Output exactly the lines that run from the start of the records to the line with "2025年1月20日,郑州视", counting both ends, and skip the pictures.

==== DATASET RECORDS ====

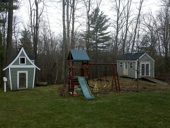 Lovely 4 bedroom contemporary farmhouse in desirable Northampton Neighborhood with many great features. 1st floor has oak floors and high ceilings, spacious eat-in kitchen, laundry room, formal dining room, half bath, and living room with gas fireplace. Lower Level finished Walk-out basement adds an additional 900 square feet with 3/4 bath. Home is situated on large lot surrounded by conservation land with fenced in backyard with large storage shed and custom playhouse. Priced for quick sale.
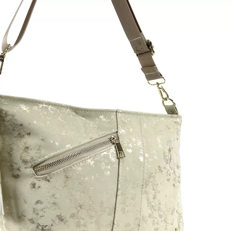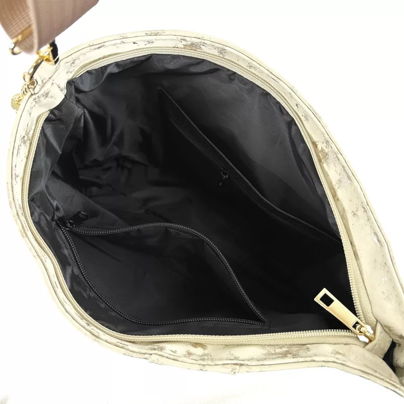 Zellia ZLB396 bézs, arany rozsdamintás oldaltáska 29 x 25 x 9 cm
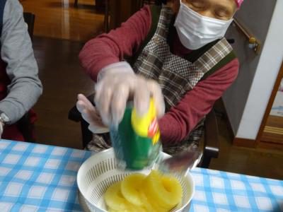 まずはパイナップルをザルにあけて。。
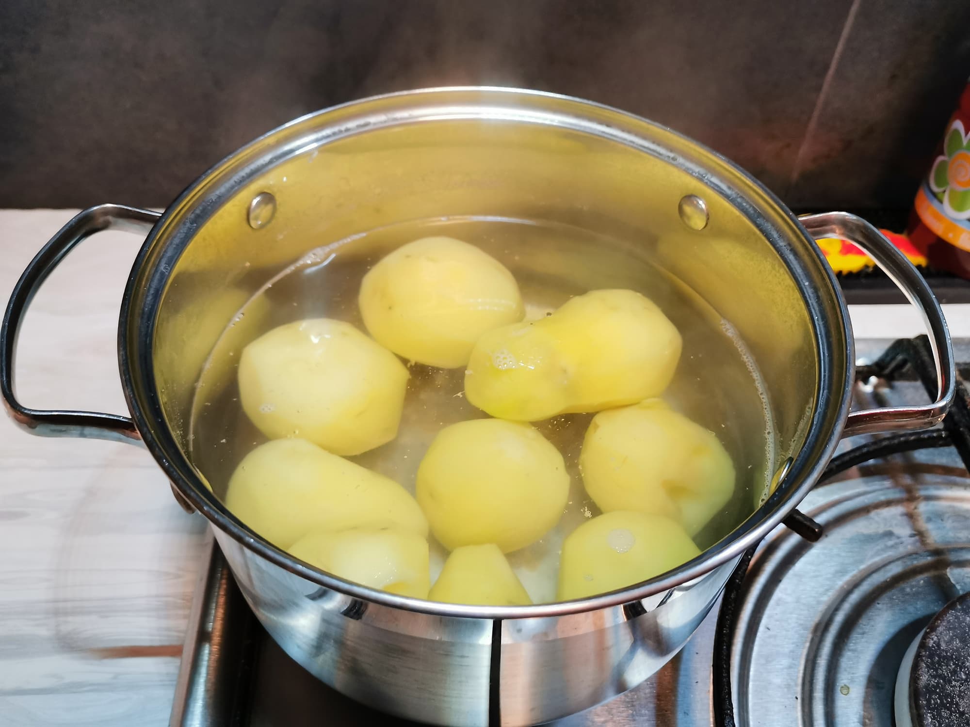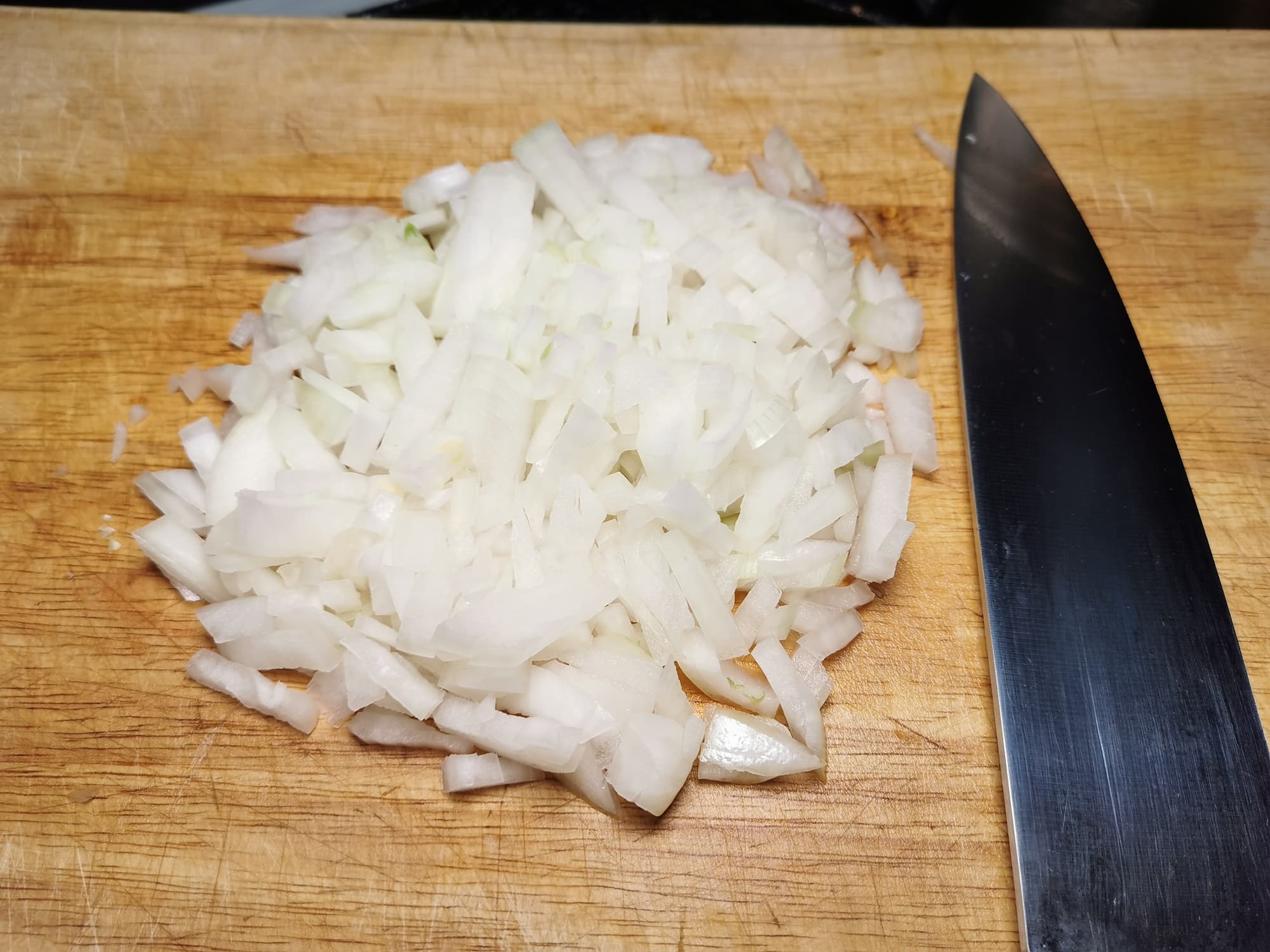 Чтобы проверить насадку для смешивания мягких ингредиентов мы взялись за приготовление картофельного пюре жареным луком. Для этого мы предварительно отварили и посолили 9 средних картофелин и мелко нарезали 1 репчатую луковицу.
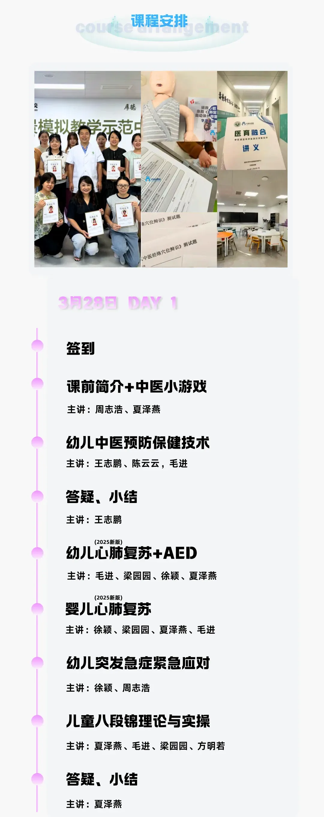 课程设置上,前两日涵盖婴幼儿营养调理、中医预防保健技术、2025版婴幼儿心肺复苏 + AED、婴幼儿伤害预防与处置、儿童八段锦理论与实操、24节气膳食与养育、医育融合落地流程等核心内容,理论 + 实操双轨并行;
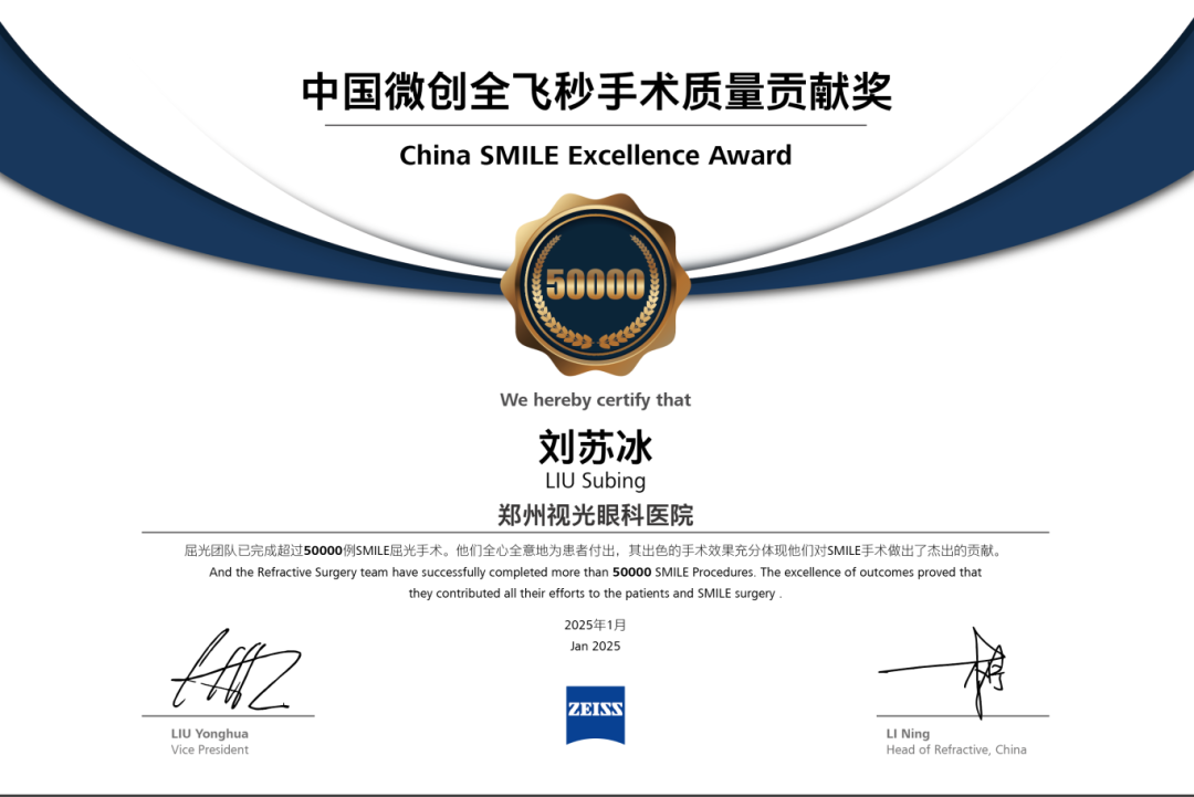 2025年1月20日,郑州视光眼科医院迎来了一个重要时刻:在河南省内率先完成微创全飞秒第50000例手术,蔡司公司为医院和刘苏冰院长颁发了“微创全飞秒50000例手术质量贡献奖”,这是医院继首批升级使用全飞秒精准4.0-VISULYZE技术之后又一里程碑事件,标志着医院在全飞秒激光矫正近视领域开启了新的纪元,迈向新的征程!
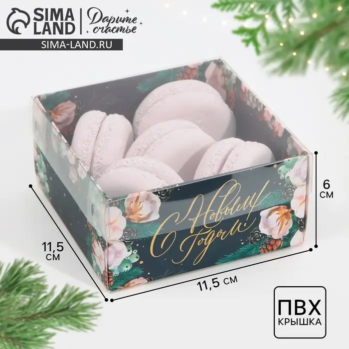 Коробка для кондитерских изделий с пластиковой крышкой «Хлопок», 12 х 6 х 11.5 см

====

> _RESPONSE TO THIS TASK_
 Lovely 4 bedroom contemporary farmhouse in desirable Northampton Neighborhood with many great features. 1st floor has oak floors and high ceilings, spacious eat-in kitchen, laundry room, formal dining room, half bath, and living room with gas fireplace. Lower Level finished Walk-out basement adds an additional 900 square feet with 3/4 bath. Home is situated on large lot surrounded by conservation land with fenced in backyard with large storage shed and custom playhouse. Priced for quick sale.
 Zellia ZLB396 bézs, arany rozsdamintás oldaltáska 29 x 25 x 9 cm
 まずはパイナップルをザルにあけて。。
 Чтобы проверить насадку для смешивания мягких ингредиентов мы взялись за приготовление картофельного пюре жареным луком. Для этого мы предварительно отварили и посолили 9 средних картофелин и мелко нарезали 1 репчатую луковицу.
 课程设置上,前两日涵盖婴幼儿营养调理、中医预防保健技术、2025版婴幼儿心肺复苏 + AED、婴幼儿伤害预防与处置、儿童八段锦理论与实操、24节气膳食与养育、医育融合落地流程等核心内容,理论 + 实操双轨并行;
 2025年1月20日,郑州视光眼科医院迎来了一个重要时刻:在河南省内率先完成微创全飞秒第50000例手术,蔡司公司为医院和刘苏冰院长颁发了“微创全飞秒50000例手术质量贡献奖”,这是医院继首批升级使用全飞秒精准4.0-VISULYZE技术之后又一里程碑事件,标志着医院在全飞秒激光矫正近视领域开启了新的纪元,迈向新的征程!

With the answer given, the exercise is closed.